**Supplied material**.
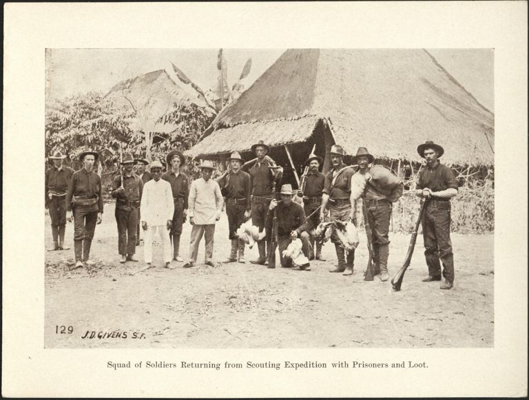 Subject: U.S. soldiers pose with two captured Filipino men and some chickens or ducks they killed. Givens was the post photographer at the Presidio of San Francisco starting in 1899. In 19
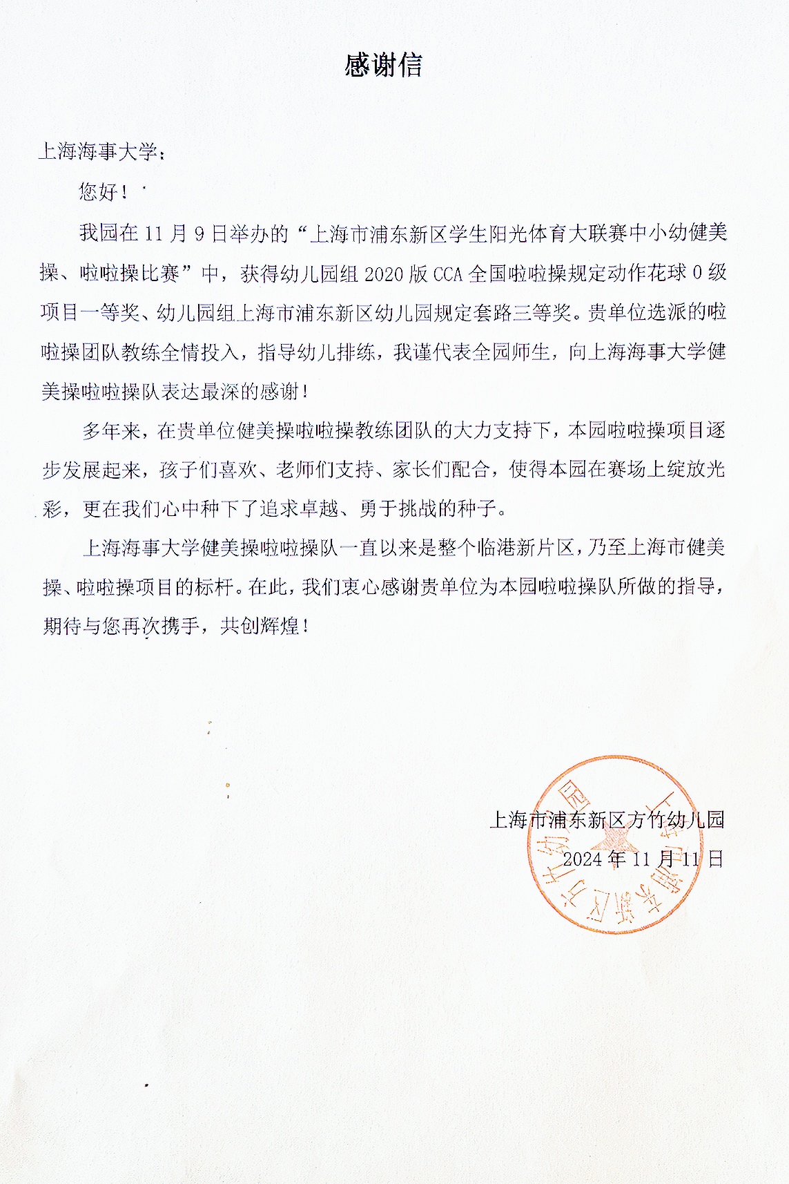 11月11日至15日,学校陆续收到了来自临港多所学校的感谢信,学校健美操啦啦操队因带领临港啦啦操联盟四校在2024年上海市浦东新区学生阳光体育大联赛中取得佳绩,受到参赛临港学校的好评。
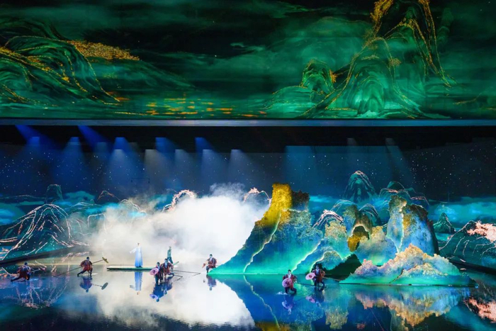 ▸ 10000m³数控水舞台,机械联动无缝切换干湿秘境:九曲溪秒变丹崖飞瀑,激光水幕实时书写朱子哲思。
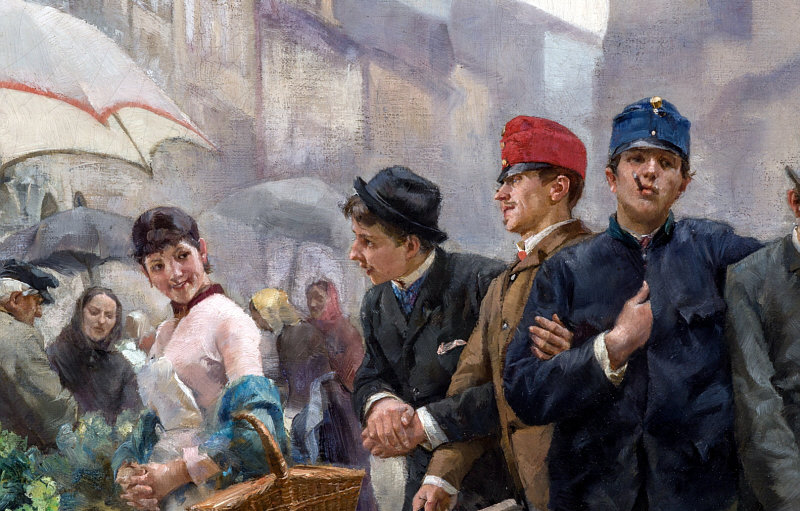 Das Bild trägt den Titel "Rekruten", wurde 1888 gemalt, Öl auf Leinwand, 75x112

**Work item**. Word for word, repeat the material above and drop the pictures.

**Solution**.
 Subject: U.S. soldiers pose with two captured Filipino men and some chickens or ducks they killed. Givens was the post photographer at the Presidio of San Francisco starting in 1899. In 19
 11月11日至15日,学校陆续收到了来自临港多所学校的感谢信,学校健美操啦啦操队因带领临港啦啦操联盟四校在2024年上海市浦东新区学生阳光体育大联赛中取得佳绩,受到参赛临港学校的好评。
 ▸ 10000m³数控水舞台,机械联动无缝切换干湿秘境:九曲溪秒变丹崖飞瀑,激光水幕实时书写朱子哲思。
 Das Bild trägt den Titel "Rekruten", wurde 1888 gemalt, Öl auf Leinwand, 75x112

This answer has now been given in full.